**Collected material**
· · · ·

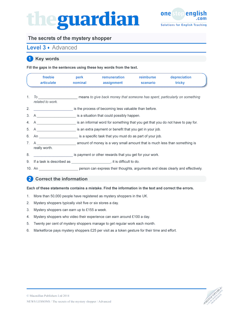 The secrets of the mystery shopperLevel 3Advanced1 Keywords Fill the gaps in the sentences using these keywords from the text.freebiearticulateperknominalremunerationassignmentreimbursescenariodepreciation
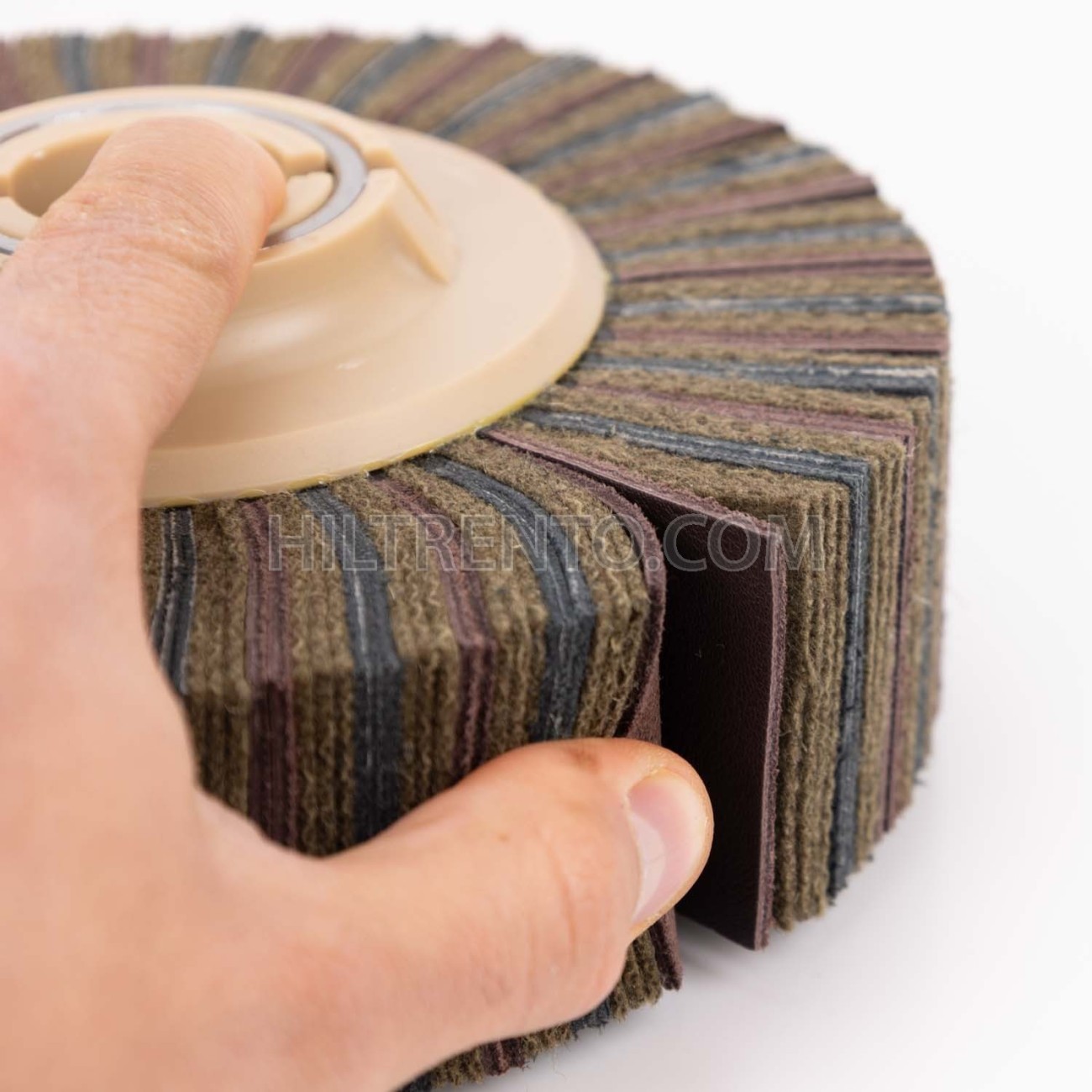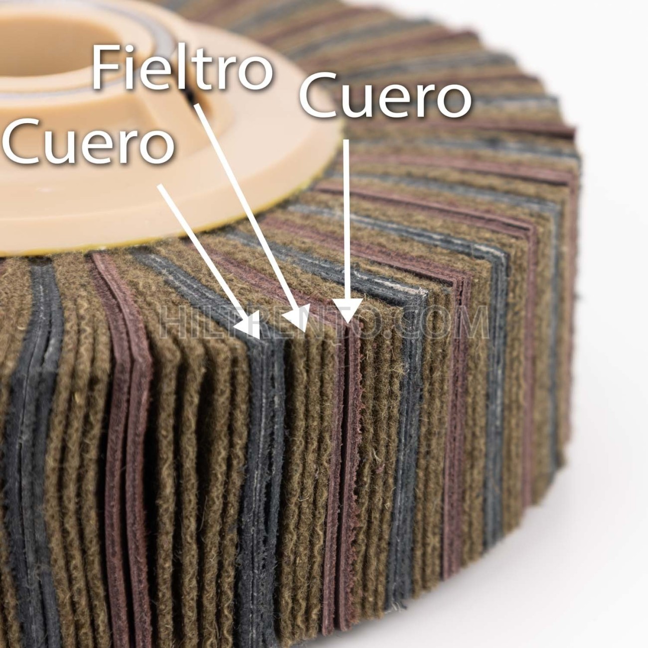 Cepillo compuesto por una mezcla de cuero y fieltro de lana para para máquinas rotativas. Se utiliza para eliminar rebabas y restos de materiales, como sobrantes de adhesivos, bordes del cuero en la industria del calzado, afinar piezas plásticas o de goma en la industria del plástico, etc. Incluye 3 discos de paño de fieltro de lana + 2 de cuero. El cuero hace la función de desbaste y arrastre del material sobrante mientras que el fieltro alisa y limpia la superficie.
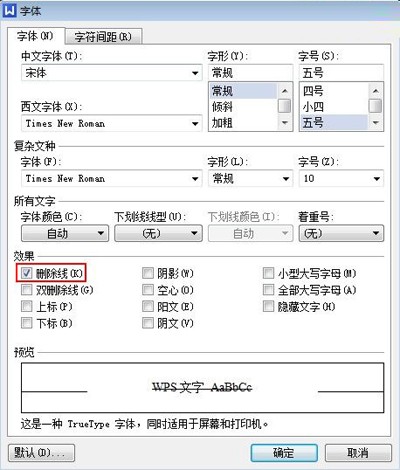 ②在字体标签里面勾选效果里面的删除线,然后确定。
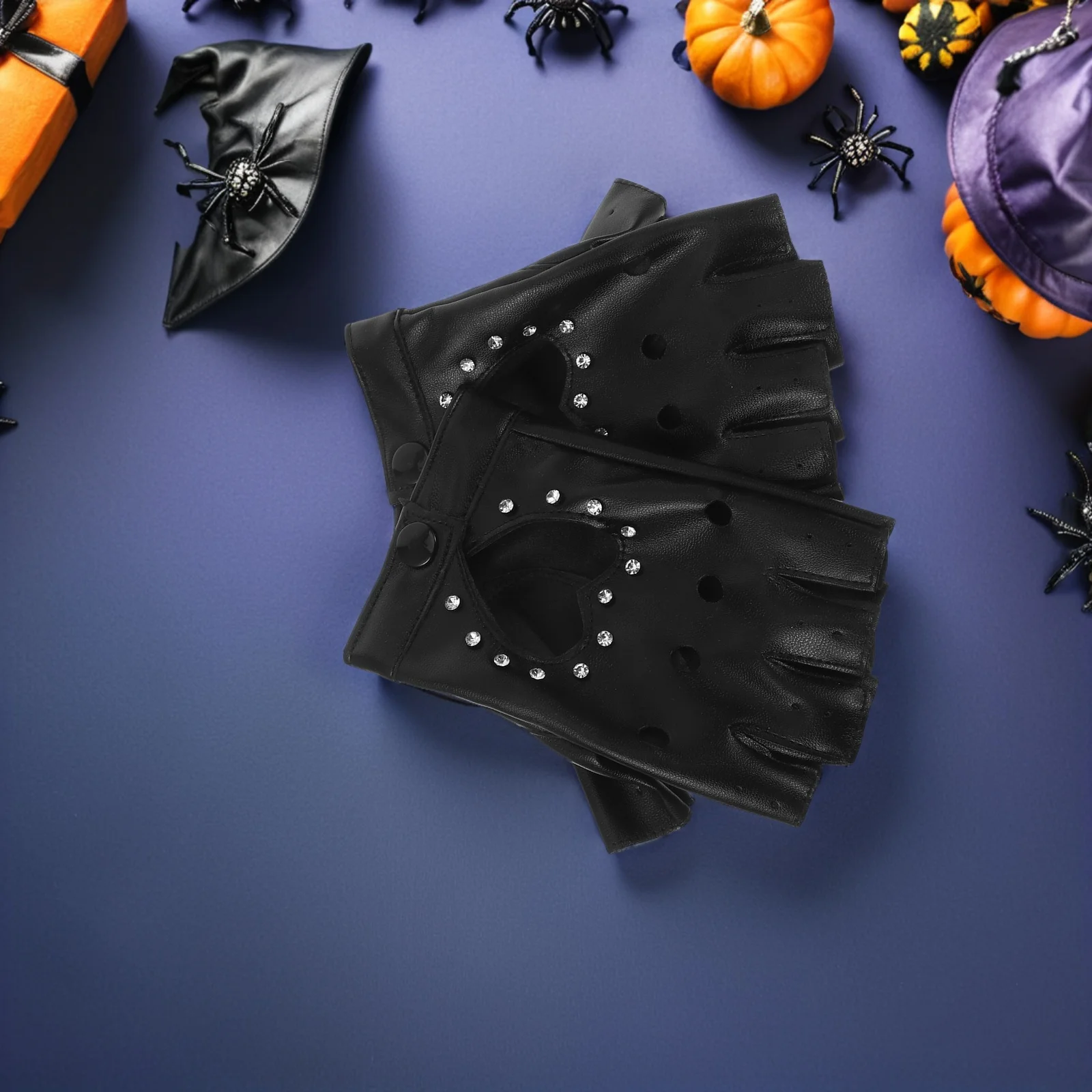 Luvas de dança infantil: luvas pretas sem dedos para crianças, recorte de coração, design brilhante, fantasia pu para performance de festa de halloween

· · · ·

**Your instructions**
The data above is to be printed exactly, all of it, except for the pictures.

**Expected answer**
 The secrets of the mystery shopperLevel 3Advanced1 Keywords Fill the gaps in the sentences using these keywords from the text.freebiearticulateperknominalremunerationassignmentreimbursescenariodepreciation
 Cepillo compuesto por una mezcla de cuero y fieltro de lana para para máquinas rotativas. Se utiliza para eliminar rebabas y restos de materiales, como sobrantes de adhesivos, bordes del cuero en la industria del calzado, afinar piezas plásticas o de goma en la industria del plástico, etc. Incluye 3 discos de paño de fieltro de lana + 2 de cuero. El cuero hace la función de desbaste y arrastre del material sobrante mientras que el fieltro alisa y limpia la superficie.
 ②在字体标签里面勾选效果里面的删除线,然后确定。
 Luvas de dança infantil: luvas pretas sem dedos para crianças, recorte de coração, design brilhante, fantasia pu para performance de festa de halloween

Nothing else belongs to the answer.